The muscles in your jaw failed as your mouth quivered open, the Iron cross falling on your chest. It was coated in saliva and blood, which made Richtofen's cock twitch inside of you. He grabbed it, not bothering to wipe it off before pinning it back on his coat.
He slipped out of you, and you couldn't stop the whimper that left your lips. You could feel his cum dripping onto the windowsill. Richtofen didn't seem to care though, as he went about redressing himself. He was nice enough to throw you your clothes, and you took the hint. You didn't bother with panties, slipping your pants back on.
He didn't look at you. His hands were quick to fix his coat and uniform, smoothing out any wrinkles. He grabbed his hat and straightened it on his head, looking as polished as ever. Once he was finished, he finally looked back at you. His eyes held a warmth and rawness that looked terrifying on him.
"I'm not actually a Nazi, you know." He finally spoke.
You stared at him, eyes travelling down to the very obvious Nazi uniform.
He seemed to notice this and let out a snort, his gaze flicking downward. "Ja, ja. I know. But I didn't really have a choice in the matter. It's all rather complicated; Group 935, monetary needs, Maxis making promises to... certain parties. Which I strongly opposed, mind you."
"But-"
"It's a lot more complex than simply being a Nazi, fraulein. Besides, do I really look like the type to be a Nazi? "
"Absolutely you do." You say bluntly.
"I'm hurt." He gasped. "Und after I went through the trouble of telling you the truth. It was quite painful too - so much emotional torment." He feigned offense, putting a hand over his chest. "I may be an insane scientist, but that's all I am, I swear."
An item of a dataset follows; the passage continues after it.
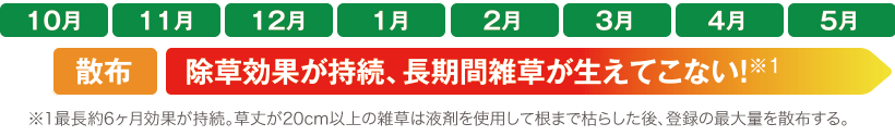 ネコソギ粒剤は1回の散布で約6ヶ月間効果が持続。枯らしても生えてきてしまう雑草は困りものでしたが、ネコソギ粒剤なら、春にまけば秋まで、秋にまけば春までキレイが続きます!無処理区と比較してもこの通り!!
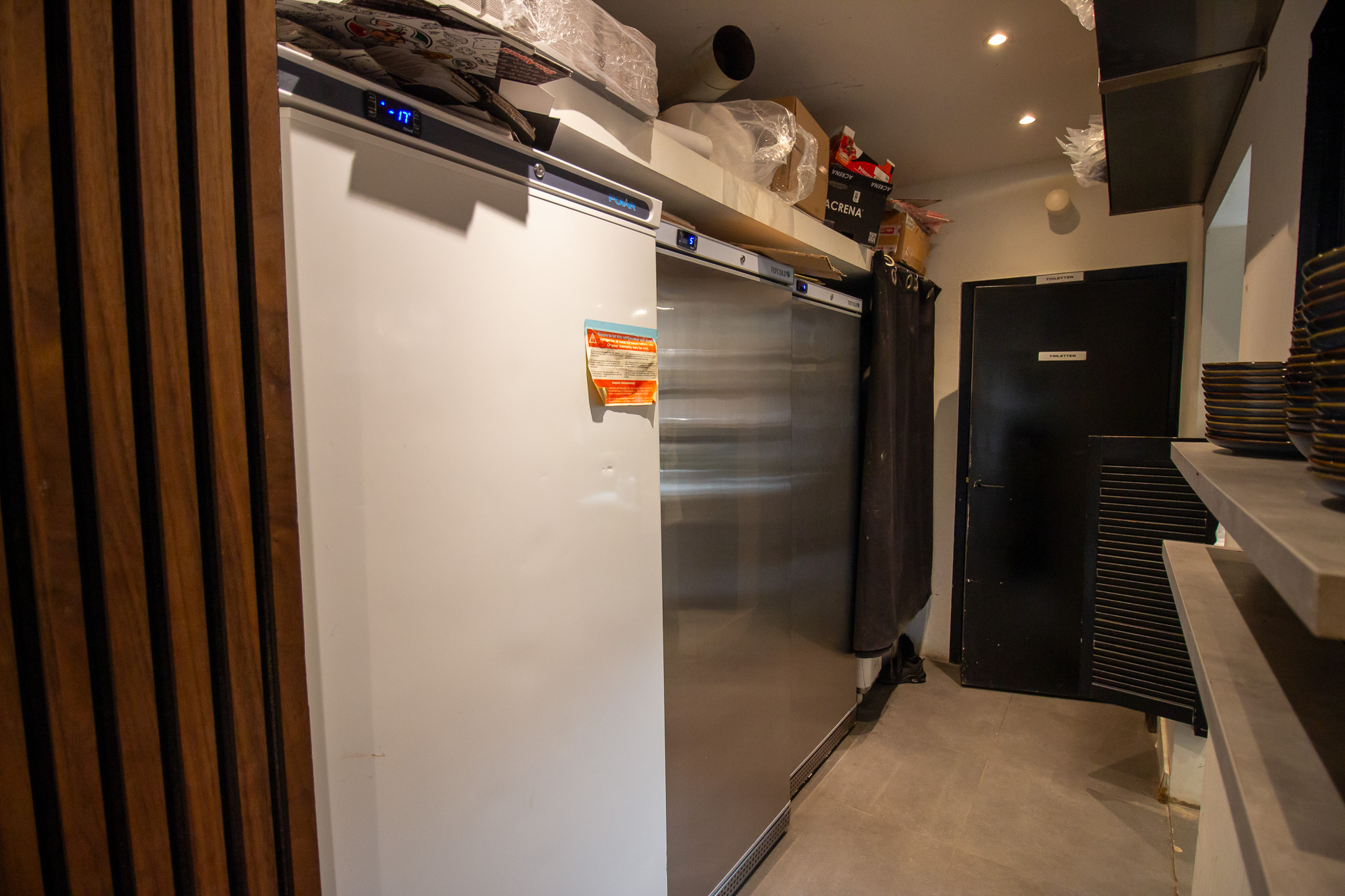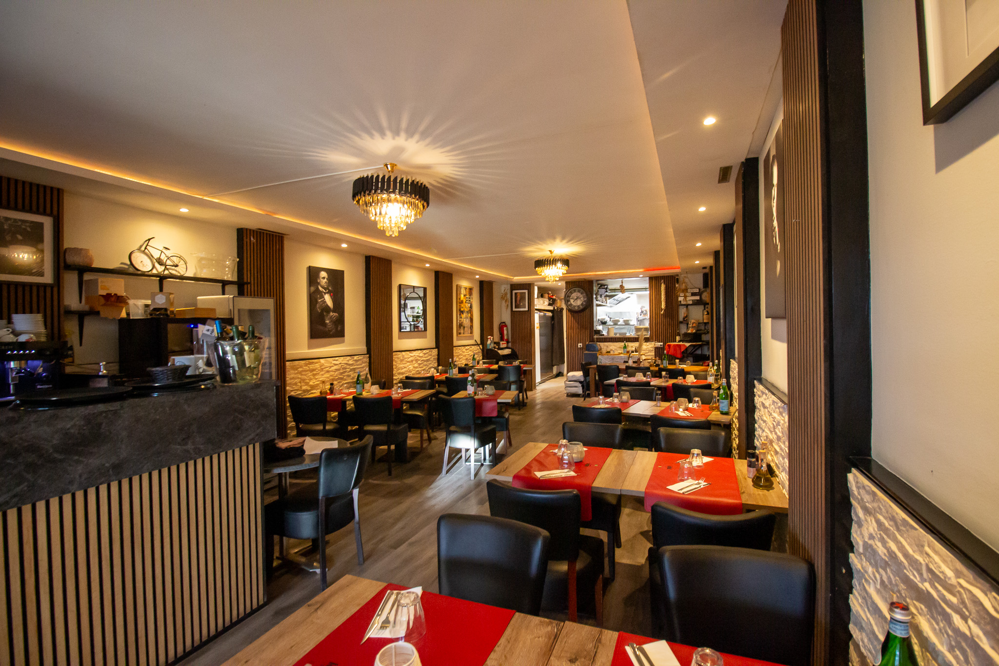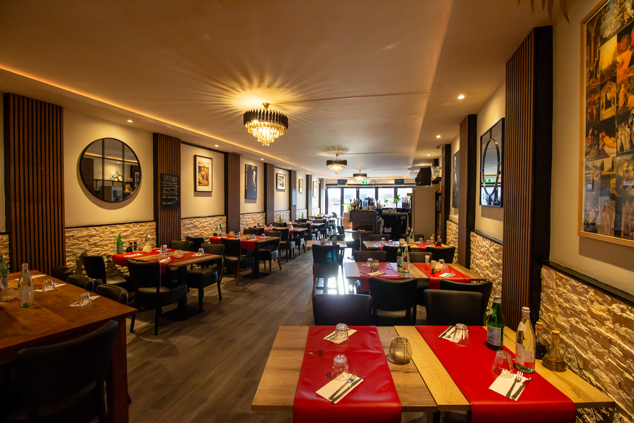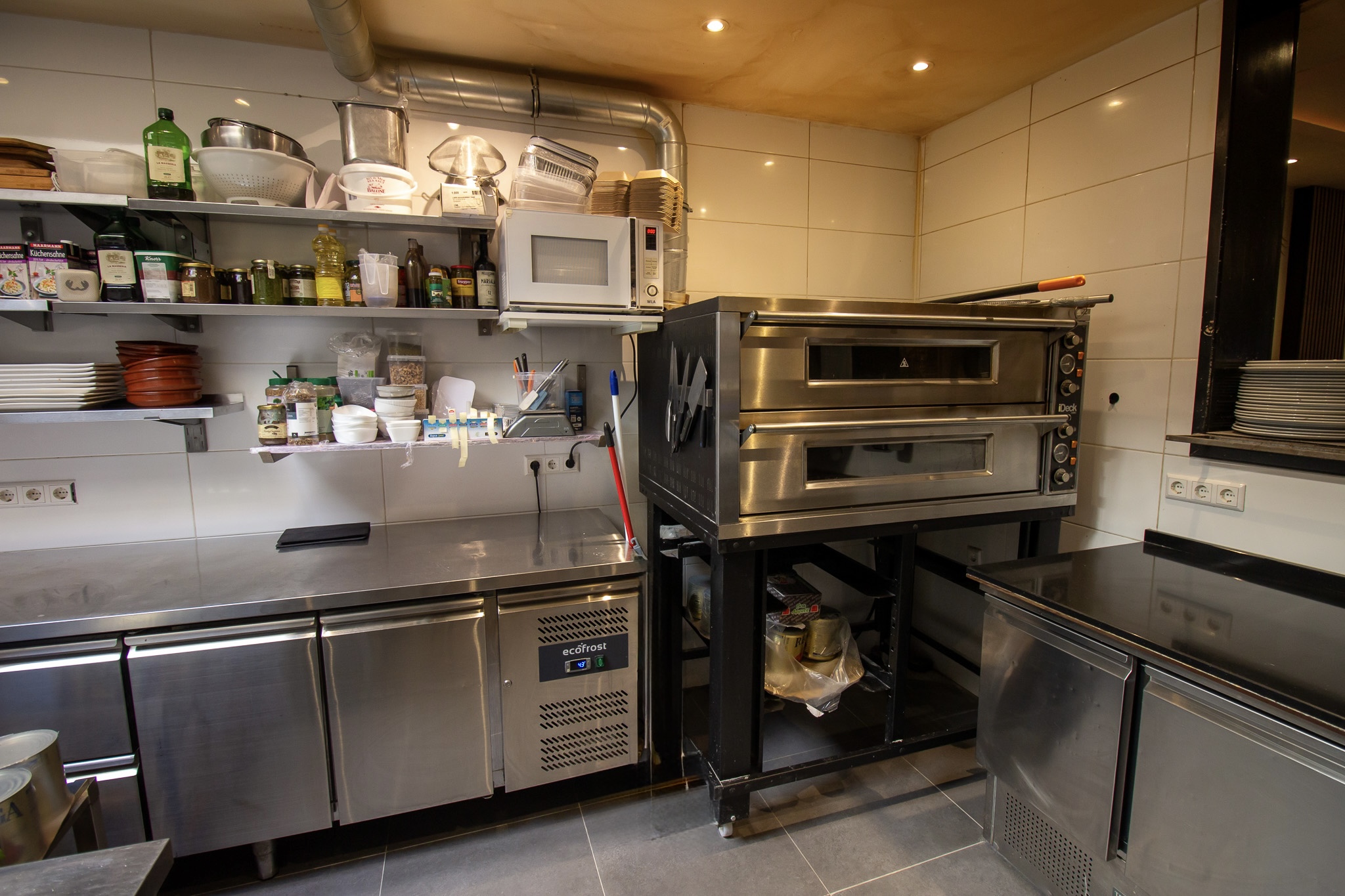 De rechterzijde van het restaurant is ingericht met voornamelijk vierpersoons tafels die eenvoudig gecombineerd kunnen worden. In het midden bevinden zich extra zitplaatsen. Achterin bevindt zich de keuken, die in directe verbinding staat met het restaurant voor een efficiënte workflow. De gescheiden dames- en herentoiletten en extra opslagruimte bevinden zich eveneens aan de achterzijde.

You could help the smile that found your lips. You tried to look away fast enough to hide it, but he saw it clear as day.
"There we go, I knew there was a smile under there." He smiled, his eyes soft. "Now, let's do this again soon, ja? Aber, I am a proper boy, you'll need to buy me dinner first before you seduce me, next time."
You laughed, shaking your head. You turned and left before you tried to stay longer, leaving Edward to chuckle at the door.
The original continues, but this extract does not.